§ What is required: Your answer must be the exact lines of the listing below that run from the line with "Ese mismo día" to the line with "1、消除闪耀的宝石和淘气猴子的同时尽情享受这个岛屿,许多关卡在等着您;", ends included, and no pictures.
[Records for processing Boundary: Start]
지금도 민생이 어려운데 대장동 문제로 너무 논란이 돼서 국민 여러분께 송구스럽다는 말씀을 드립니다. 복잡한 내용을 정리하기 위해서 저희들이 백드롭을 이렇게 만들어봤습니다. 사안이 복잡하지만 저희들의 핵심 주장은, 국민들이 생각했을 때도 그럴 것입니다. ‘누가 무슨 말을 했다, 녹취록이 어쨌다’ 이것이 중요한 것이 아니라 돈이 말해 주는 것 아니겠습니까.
[Records for processing Boundary: End]
[Records for processing Boundary: Start]
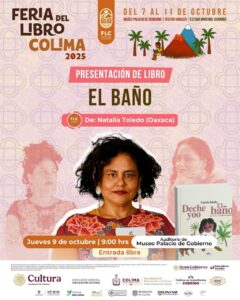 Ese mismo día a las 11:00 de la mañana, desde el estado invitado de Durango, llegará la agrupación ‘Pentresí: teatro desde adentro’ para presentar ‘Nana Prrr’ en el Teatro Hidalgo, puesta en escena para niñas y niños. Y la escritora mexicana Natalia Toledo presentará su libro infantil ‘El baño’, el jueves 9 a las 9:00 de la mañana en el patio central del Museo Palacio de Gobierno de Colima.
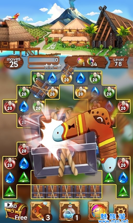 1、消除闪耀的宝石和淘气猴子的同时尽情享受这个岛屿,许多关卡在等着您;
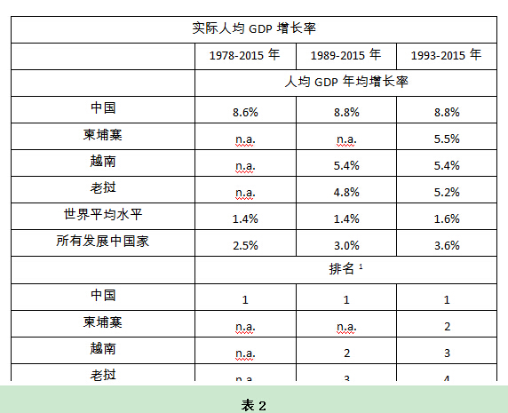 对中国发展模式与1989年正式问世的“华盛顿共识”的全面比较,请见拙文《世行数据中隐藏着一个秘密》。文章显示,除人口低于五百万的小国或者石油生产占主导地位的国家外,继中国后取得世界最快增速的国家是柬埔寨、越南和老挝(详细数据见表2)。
[Records for processing Boundary: End]
§ Your solution:
 Ese mismo día a las 11:00 de la mañana, desde el estado invitado de Durango, llegará la agrupación ‘Pentresí: teatro desde adentro’ para presentar ‘Nana Prrr’ en el Teatro Hidalgo, puesta en escena para niñas y niños. Y la escritora mexicana Natalia Toledo presentará su libro infantil ‘El baño’, el jueves 9 a las 9:00 de la mañana en el patio central del Museo Palacio de Gobierno de Colima.
 1、消除闪耀的宝石和淘气猴子的同时尽情享受这个岛屿,许多关卡在等着您;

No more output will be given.